A replicated environment can contain multiple subscribers, but any given set of data that is configured for replication, called an article, can have only one publisher. (Articles are described in more detail in the section "Replication Data" later in this chapter.) Having only one publisher for a particular set of data does not mean that the publisher is the only component that can modify the data—the subscriber can also modify and even republish the data. However, this can get a little tricky, as you will see in this chapter and the next two chapters.
In addition to containing the distribution database, servers acting as distributors store metadata, history data, and other information. In many cases, the distributor is also responsible for distributing the replication data to subscribers. The publisher and the distributor are not required to be on the same server. In fact, you will likely use a dedicated server as a distributor. Each publisher must be assigned a distributor when it is created, and a publisher can have only one distributor. This arrangement is described in more detail in the section "Configuring Publishing and Distribution" later in this chapter.
NOTE
Metadata is data about data. Metadata is used in replication to keep track of the state of replication operations. It is also the data that is propagated by the distributor to other members of the replication set and includes information about the structure of data and the properties of data, such as the type of data in a column (numeric, text, and so on) or the length of a column.
As mentioned, subscribers are the database servers that store the replicated data and receive updates. Subscribers can also make updates and serve as publishers to other systems. For a subscriber to receive replicated data, it must subscribe to that data. Subscribing to replication involves configuring the subscriber to receive that data. A subscription is the database information to which you are subscribing. You'll learn more about the relationships between the components in the section "Configuring Snapshot Replication" later in this chapter.

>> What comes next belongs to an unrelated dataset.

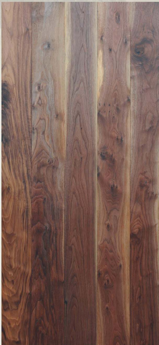
SH-2-1-02, solid plank, 18x150x1820mm character, oiled, natural, smooth

SQL Server offers three types of replication: snapshot, transactional, and merge. These replication types offer varying degrees of data consistency within the replicated database, and they require different levels of overhead.
Snapshot replication is the simplest replication type. With snapshot replication, a picture, or snapshot, of the database is taken periodically and propagated to subscribers. The main advantage of snapshot replication is that it does not involve continuous overhead on publishers and subscribers. That is, it does not require publishers to continuously monitor data changes, and it doesn't require the continuous transmission of data to subscribers. The main disadvantage is that the database on a subscriber is only as current as the last snapshot.
In many cases, as you will see later in this chapter, snapshot replication is sufficient and appropriate—for example, when source data is modified only occasionally. Information such as phone lists, price lists, and item descriptions can easily be handled by using snapshot replication. These lists can be updated once per day during off hours.
Transactional replication can be used to replicate changes to the database. With transactional replication, any changes made to articles (a set of data configured for replication) are immediately captured from the transaction log and propagated to the distributors. Using transactional replication, you can keep a publisher and its subscribers in almost exactly the same state, depending on how you configure the replication.
Transactional replication should be used when it is important to keep all of the replicated systems current. Transactional replication uses more system overhead than snapshot replication because it individually applies each transaction that changes data in the system to the replicated systems. However, transactional replication keeps the systems in a more up-to-date state than do snapshot and merge replication. Transactional replication is covered in detail in Chapter 27.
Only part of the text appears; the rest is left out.